[Work instructions] From the line containing "De la muestra" through the last line below, copy every line exactly, leaving out the pictures.

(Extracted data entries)
-=-=-=-=-

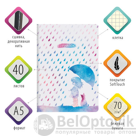 Общая тетрадь формата А5 содержит 40 листов с линовкой в клетку. Сшивка плотно соединяет листы. Обложка изготовлена из высококачественного импортного картона с двусторонней запечаткой, что придает тетради изысканный и неповторимый стиль. Специальное покрытие "SoftTouch" с повышенными тактильными свойствами придает обложке мягкий, бархатистый эффект. Внутренний блок - тонированная офсетная бумага цвета слоновой кости плотностью 70 г/м2.
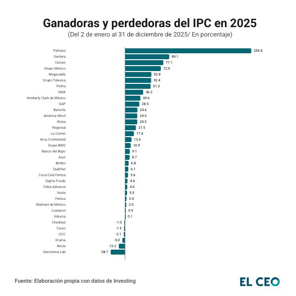 De la muestra de 35 emisoras que componen el índice, 29 lograron finalizar 2025 con un alza en el precio de sus títulos en el año, de acuerdo con datos de Investing al cierre de 31 de diciembre.
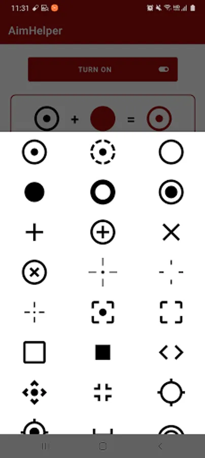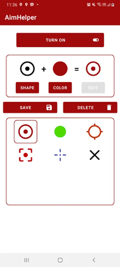 You can select the desired Aim shape and adjust its position, rotation, size, and transparency.
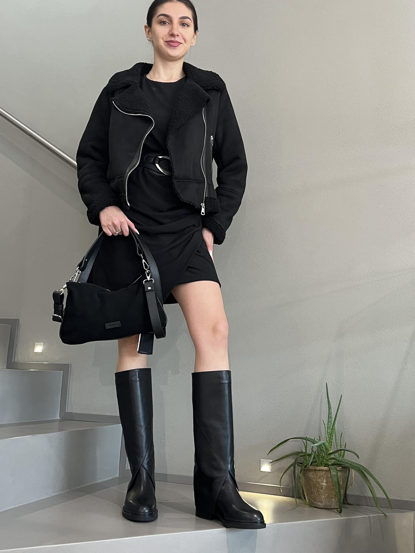 BORSA IN CAMOSCIO E PELLE CON ZIP DI CHIUSURA. INTERNO FODERATO CON TASCHE E FESSURE PER TESSERE. TRACOLLA IN PELLE IN TINTA INCLUSA CON MOSCHETTONI AGLI ESTREMI. MISURE 30X20X4. MADE IN ITALY
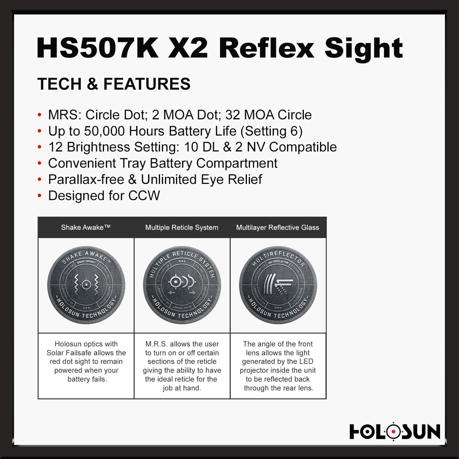 Features of HOLOSUN - HS507K-X2 Classic Multi Reticle Red Dot Sight (Black)
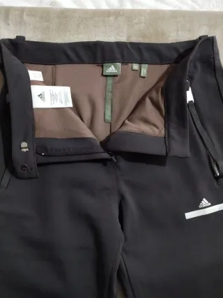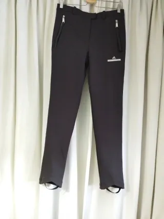 Pantalón de esquí de la marca Adidas. - Color gris oscuro. - Cremalleras en los bolsillos delanteros. - Logo de Adidas en la pierna izquierda - Tiras elásticas en los bajos. PVP 170€ aprox

-=-=-=-=-

[Expected output]
 De la muestra de 35 emisoras que componen el índice, 29 lograron finalizar 2025 con un alza en el precio de sus títulos en el año, de acuerdo con datos de Investing al cierre de 31 de diciembre.
 You can select the desired Aim shape and adjust its position, rotation, size, and transparency.
 BORSA IN CAMOSCIO E PELLE CON ZIP DI CHIUSURA. INTERNO FODERATO CON TASCHE E FESSURE PER TESSERE. TRACOLLA IN PELLE IN TINTA INCLUSA CON MOSCHETTONI AGLI ESTREMI. MISURE 30X20X4. MADE IN ITALY
 Features of HOLOSUN - HS507K-X2 Classic Multi Reticle Red Dot Sight (Black)
 Pantalón de esquí de la marca Adidas. - Color gris oscuro. - Cremalleras en los bolsillos delanteros. - Logo de Adidas en la pierna izquierda - Tiras elásticas en los bajos. PVP 170€ aprox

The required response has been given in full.